每个椭圆是代表距高斯中心 2.5 个标准偏差的计数每个蓝色数字代表所有镜头中从该高斯中拍摄的镜头的百分比

# 设置参数
plt.rcParams['figure.figsize'] = (13, 10)
plt.rcParams['font.size'] = 15

ellipseTextMessages = [str(100*gaussianMixtureModel.weights_[x])[:4]+'%' for x in range(numGaussians)]
ellipseColors = ['red','green','purple','cyan','magenta','yellow','blue','orange','silver','maroon','lime','olive','brown','darkblue']
# 绘图2D高斯混合
Draw2DGaussians(gaussianMixtureModel, ellipseColors, ellipseTextMessages)
draw_court(outer_lines=True); 
plt.ylim(-60,440); 
plt.xlim(270,-270); 
plt.title('shot attempts')

Text(0.5, 1.0, 'shot attempts')

png

我们可以看到科比在球场左侧（或从他的角度来看是右侧）进行了更多的尝试。这可能是因为他是右撇子。
此外，我们可以看到大量的尝试（18.3%）来自篮筐正下方，4.96%的额外尝试来自非常接近篮筐的尝试

根据 GMM 显示由集群分配着色的科比所有投篮尝试的散点图

只是为了确保高斯模型实际上捕捉到一些东西

# 参数
plt.rcParams['figure.figsize'] = (13, 10)
plt.rcParams['font.size'] = 15

plt.figure(); 
draw_court(outer_lines=True)
plt.ylim(-60,440)
plt.xlim(270,-270) 
plt.title('cluser assignment')
plt.scatter(x=data['loc_x'],y=data['loc_y'],c=data['shotLocationCluster'],s=40,cmap='hsv',alpha=0.1)

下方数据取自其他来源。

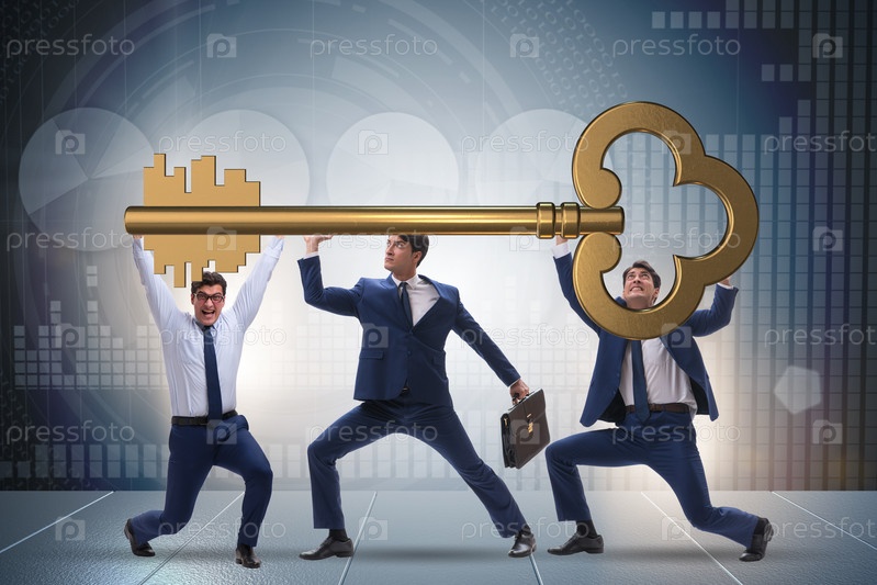 Бизнесмены с гигантским ключом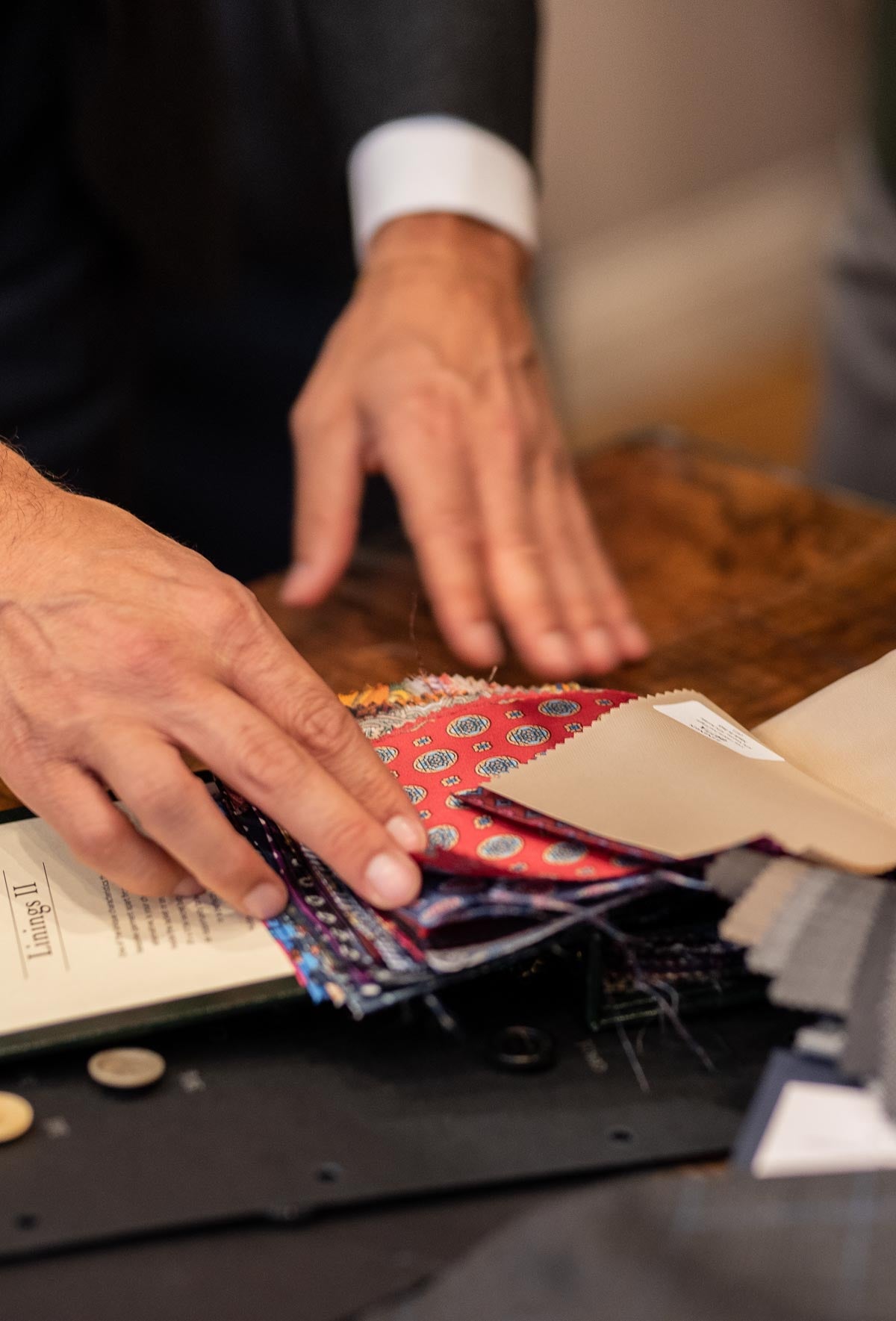 Dalle esclusive mazzette di campioni, che in Prata & Mastrale sono oltre 300, o direttamente dai pregiatissimi tagli presenti sugli scaffali. In questa fase si decidono anche i dettagli di stile e le finiture (fodere, bottoni, etc.).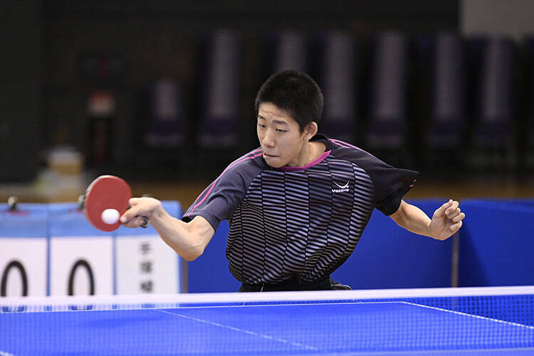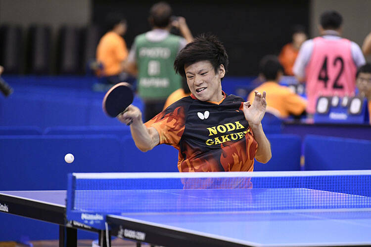 (1ゲーム目、7?10から逆転されたことについて)正直、学校対抗の引きづりはあり、2ゲーム目で出足が悪かったけど、立ち直れて修正できました。相手はサービスレシーブが得意な選手で、僕もどちらかと言えばそうなので、お互い先手の取り合いになるだろうと前もって準備しました。試合は、お互い崩し合いになったので、我慢してまずラリーに持って行こうと臨みました。

<matplotlib.collections.PathCollection at 0x15aedc0fee0>

png

它看起来并不完美，但肯定会捕捉到一些关于数据的有趣的东西，
例如，我们可以看到大而非常远的集群正在捕捉所有非常远的镜头

绘制每个高斯簇的射击精度

这里的每个蓝色数字将代表从该集群拍摄的镜头的准确性，因此我们可以了解哪些是容易的，哪些是困难的

#%% 对于每个集群，计算它的单个准确度并绘制它
plt.rcParams['figure.figsize'] = (13, 10)
plt.rcParams['font.size'] = 15

#可分类类别-投射位置集群
variableCategories = data['shotLocationCluster'].value_counts().index.tolist()
# 这里按照分类进行了计算

clusterAccuracy = {}
for category in variableCategories:
    # 计算总和
    shotsAttempted = np.array(data['shotLocationCluster'] == category).sum()
    shotsMade = np.array(data.loc[data['shotLocationCluster'] == category,'shot_made_flag'] == 1).sum()
    clusterAccuracy[category] = float(shotsMade)/shotsAttempted

ellipseTextMessages = [str(100*clusterAccuracy[x])[:4]+'%' for x in range(numGaussians)]
Draw2DGaussians(gaussianMixtureModel, ellipseColors, ellipseTextMessages)
draw_court(outer_lines=True);
plt.ylim(-60,440)
plt.xlim(270,-270)
plt.title('shot accuracy')

Text(0.5, 1.0, 'shot accuracy')

png

我们可以清楚地看到距离和精度之间的依赖关系
另一个有趣的事实是，科比不仅从右侧进行更多的尝试（从他的角度来看），而且他更擅长进行这些尝试

为了以后的分析，我们将要根据击球属性来评估击球难度

（如击球类型和击球距离）

#%% create a new table for shot difficulty model
# 为击球难度模型创建一个新表--分解分类变量
def FactorizeCategoricalVariable(inputDB,categoricalVarName):
    opponentCategories = inputDB[categoricalVarName].value_counts().index.tolist()
    
    outputDB = pd.DataFrame()
    for category in opponentCategories:
        featureName = categoricalVarName + ': ' + str(category)
        outputDB[featureName] = (inputDB[categoricalVarName] == category).astype(int)

    return outputDB

featuresDB = pd.DataFrame()
featuresDB['homeGame'] = data['matchup'].apply(lambda x: 1 if (x.find('@') < 0) else 0)
featuresDB = pd.concat([featuresDB,FactorizeCategoricalVariable(data,'opponent')],axis=1)
featuresDB = pd.concat([featuresDB,FactorizeCategoricalVariable(data,'action_type')],axis=1)
featuresDB = pd.concat([featuresDB,FactorizeCategoricalVariable(data,'shot_type')],axis=1)
featuresDB = pd.concat([featuresDB,FactorizeCategoricalVariable(data,'combined_shot_type')],axis=1)
featuresDB = pd.concat([featuresDB,FactorizeCategoricalVariable(data,'shot_zone_basic')],axis=1)
featuresDB = pd.concat([featuresDB,FactorizeCategoricalVariable(data,'shot_zone_area')],axis=1)
featuresDB = pd.concat([featuresDB,FactorizeCategoricalVariable(data,'shot_zone_range')],axis=1)
featuresDB = pd.concat([featuresDB,FactorizeCategoricalVariable(data,'shotLocationCluster')],axis=1)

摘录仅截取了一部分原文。